Sind wir hier wirklich im Verdummungsstrahl aus dem Weltall?

Vor langen Jahren haben wir noch demonstriert und wollten die Welt verbessern und lebenswerter machen, doch heute?
Wir sind zu alt und die Jungen wollen nur schnell Kohle machen, schade.

VW ist da nur ein Teil von dem System und ich finde gut, dass denen in die Weichteile getreten wird.
Hat nur zu lange gedauert.


bike


----------



## oliver.tonn (22 September 2015)

Ich denke für VW könnte es sehr teuer werden weil sie nicht amerikanisch sind. Würden alle gleich behandelt in den USA dürfte es VW, für deren Verhältnisse, nicht extrem viel kosten. Als GM die Probleme mit den Zündschlössern hatte mussten diese nur 900 Mio. $ zahlen und da gab es Tote.


----------



## vollmi (22 September 2015)

Ich denke der Schaden für VW wird nicht so gross, da sie ja gut mit den Behörden zusammenarbeiten.
http://www.der-postillon.com/2015/09/der-hausmeister-wars-vw-prasentiert.html

mfG René


----------



## Lipperlandstern (23 September 2015)

vollmi schrieb:


> Ich denke der Schaden für VW wird nicht so gross, da sie ja gut mit den Behörden zusammenarbeiten.
> http://www.der-postillon.com/2015/09/der-hausmeister-wars-vw-prasentiert.html
> 
> mfG René




Dann ist ja wieder alles gut  ....


----------



## Chräshe (23 September 2015)

Wir betreiben zu wenig Wirtschaftsspionage. Sonst wüssten wir, wie all die anderen die Grenzwerte einhalten können... 😅


----------



## silverfreaky (24 September 2015)

Wie wenn das eine neue Erkentnis wäre, mit den Abgaswerten.Das hat einen ellenlangen Bart.Wie ich schon schrieb den Cowboys wird Deutschland zu stark.
Erst der unkontrollierte plötzliche Flüchtlingsstrom,jetzt der Angriff auf den Automobilsektor und vorher die Verhinderung des Geschäftemachens mit Putin.

Ob das mal Zufälle sind?Nur die Chinesen können sie nicht kontrollieren, die haben die ganzen Ami-Schulden aufgekauft.mann darf gespannt sein.


----------



## Krumnix (24 September 2015)

VW sollte jetzt meiner Meinung nach nicht sich alles von den Amis gefallen lassen.
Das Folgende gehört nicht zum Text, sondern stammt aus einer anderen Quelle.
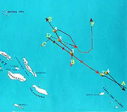 Map of the Battle of the Santa Cruz Islands, 26 October 1942. Red lines are Japanese warship forces and black lines are US carrier forces. Numbered yellow dots represent significant actions in the battle.

Sie sollten in den Angriff gehen und auch die anderen Hersteller anschwärzen.
Denn sind wir mal ehrlich, jeder in den Branche macht sowas. 
Mit kann keiner erzählen, das mein 2009 Passat CC, den ich mit 5L/100KM gefahren bin schlechter Werte haben soll als mein neuer Insignia, den ich mit 6,5L fahre.
Gleiche Strecke, gleiche Fahrweise, gleiche Motorgröße, nur der VW hat Euro 4, der Opel 5. 
Die ganzen Normen sind doch eh für den Popo. 
Naja, zumindest ist die Aktie wieder steil nach oben, nachdem Winterkorn zurückgetreten ist......


----------



## Rainer Hönle (25 September 2015)

Interessanter Kommentar: http://www.n-tv.de/wirtschaft/Mr-Dax-Volkswagen-Skandal-ist-gar-keiner-article16002516.html


----------



## Krumnix (25 September 2015)

Das ist auf den Punkt gebracht. Ganz ehrlich. Wenn ich Chef von VW wäre, würde ich alle Werke und Filialen in der USA schließen, keine Autos mehr da verkaufen und den Service komplett einstellen.
Ich glaube, dann würden sie plötzlich vor der Tür stehen und sagen "Ei das bisschen Abgas ist doch nicht so schlimm, aber die 100.000 Arbeitslose dann doch"!
Amen


----------



## mariob (8 Oktober 2015)

Hi,
ein interessanter Link dazu mit einer interessanten und vor allem nachvollziehbaren Ansicht. Für die ganz eiligen das letzte Viertel des Textes, aber auch der Rest ist sehr lesenswert:
http://if-blog.de/guestauthor/mein-freund-der-softwarebetrueger/

Gruß
Mario


----------



## bike (11 Oktober 2015)

Gestern  beim Bier haben wir die Frage diskutiert, ob wir auch Software schreiben würden mit der betrogen wird.
Wie denkt ihr darüber?
Würdet ihr eurem Chef die rote Karte zeigen, wenn er das von euch fordern würde?
Ist es Arbeitsverweigerung solch eine Software nicht zu schreiben?


bike


----------



## Morymmus (11 Oktober 2015)

Meiner Erfahrung nach gibt es - gerade bei Entwicklern -/Leute, die so tief in ihrem Thema stecken, das sie den Blick für das große ganze verlieren.
So könnte ich mit vorstellen, das jemand am untersten Ende der "Nahrungskette" ein Tool schreibt, das erkennt, wenn der Motor lastfrei läuft - zur Vermeidung von Motorschaden, versteht sich....
Der nächste schreibt eine Funktion, die - natürlich nur zum Schutz des Motors - das Gemisch magerer macht, wenn das o.g. Tool meldet, das keine Last anliegt.
Dem koordinierenden Vorgesetzten ist sicher klar (oder sollte es zumindest sein) was das Zusammenspiel dieser beiden Funktionen in der Praxis bedeutet.....
Um damit auf die Frage von bike zurück zu kommen:

Ich habe in der Vergangenheit meinem Arbeitgeber gegenüber bei "unsauberen" Arbeitsaufträgen meine Bedenken geäußert - wurden diese gehört -> Thema erledigt.
Wurden diese nicht gehört, so habe ich mir meine Einwände in Schriftform vom Arbeitgeber abzeichnen lassen (ihr würdet euch wundern, was für Denkprozesse so ein Schriftstück in Gang setzt  )
Das gilt natürlich nur für Aufgabenstellungen, bei denen ich die Auswirkungen auf den Gesamtprozess überschauen bzw. abschätzen kann.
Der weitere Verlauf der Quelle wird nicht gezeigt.